*WHAT IS BEING ASKED:* I'd like every entry returned exactly as it is, with the images left out.
(DATA PROVIDED begins)
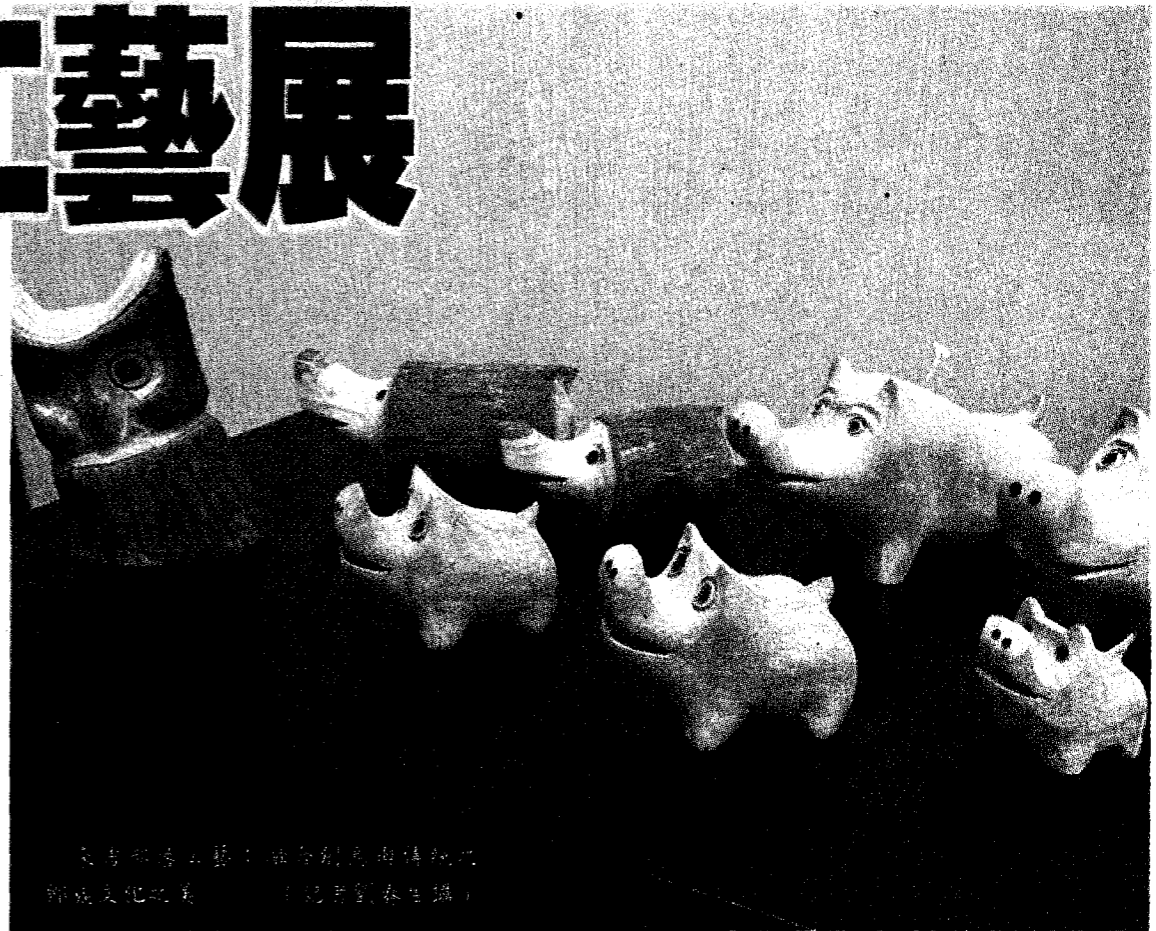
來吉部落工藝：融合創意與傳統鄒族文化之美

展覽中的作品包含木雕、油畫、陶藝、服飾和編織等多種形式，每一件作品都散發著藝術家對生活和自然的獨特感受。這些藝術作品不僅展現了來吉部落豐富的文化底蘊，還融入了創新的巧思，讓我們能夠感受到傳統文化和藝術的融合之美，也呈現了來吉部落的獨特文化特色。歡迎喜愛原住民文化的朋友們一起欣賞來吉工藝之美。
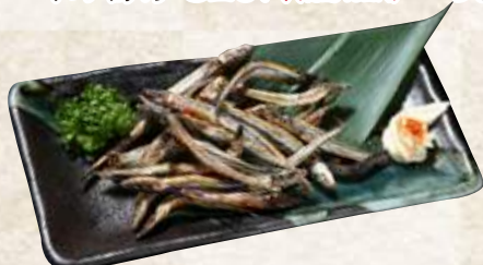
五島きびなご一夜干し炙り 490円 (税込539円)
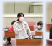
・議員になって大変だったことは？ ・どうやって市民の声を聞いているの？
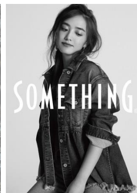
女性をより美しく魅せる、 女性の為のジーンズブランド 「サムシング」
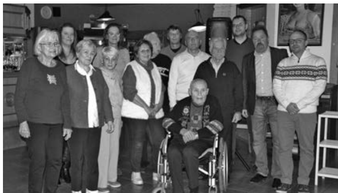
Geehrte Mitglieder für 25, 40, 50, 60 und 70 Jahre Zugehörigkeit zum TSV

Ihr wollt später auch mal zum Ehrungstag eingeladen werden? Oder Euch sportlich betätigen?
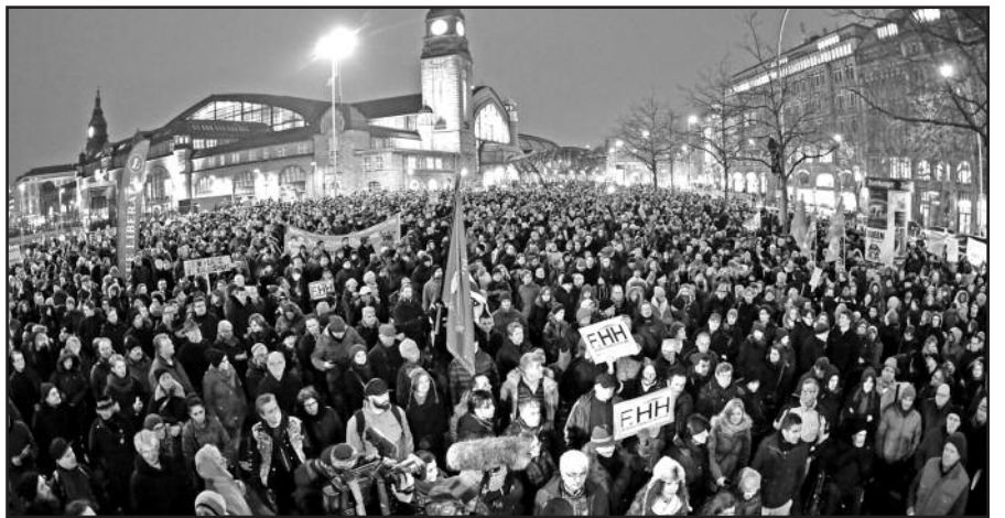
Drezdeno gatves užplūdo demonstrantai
(DATA PROVIDED ends)
*RESULT FOR THIS TASK:*
來吉部落工藝：融合創意與傳統鄒族文化之美

展覽中的作品包含木雕、油畫、陶藝、服飾和編織等多種形式，每一件作品都散發著藝術家對生活和自然的獨特感受。這些藝術作品不僅展現了來吉部落豐富的文化底蘊，還融入了創新的巧思，讓我們能夠感受到傳統文化和藝術的融合之美，也呈現了來吉部落的獨特文化特色。歡迎喜愛原住民文化的朋友們一起欣賞來吉工藝之美。
五島きびなご一夜干し炙り 490円 (税込539円)
・議員になって大変だったことは？ ・どうやって市民の声を聞いているの？
女性をより美しく魅せる、 女性の為のジーンズブランド 「サムシング」
Geehrte Mitglieder für 25, 40, 50, 60 und 70 Jahre Zugehörigkeit zum TSV

Ihr wollt später auch mal zum Ehrungstag eingeladen werden? Oder Euch sportlich betätigen?
Drezdeno gatves užplūdo demonstrantai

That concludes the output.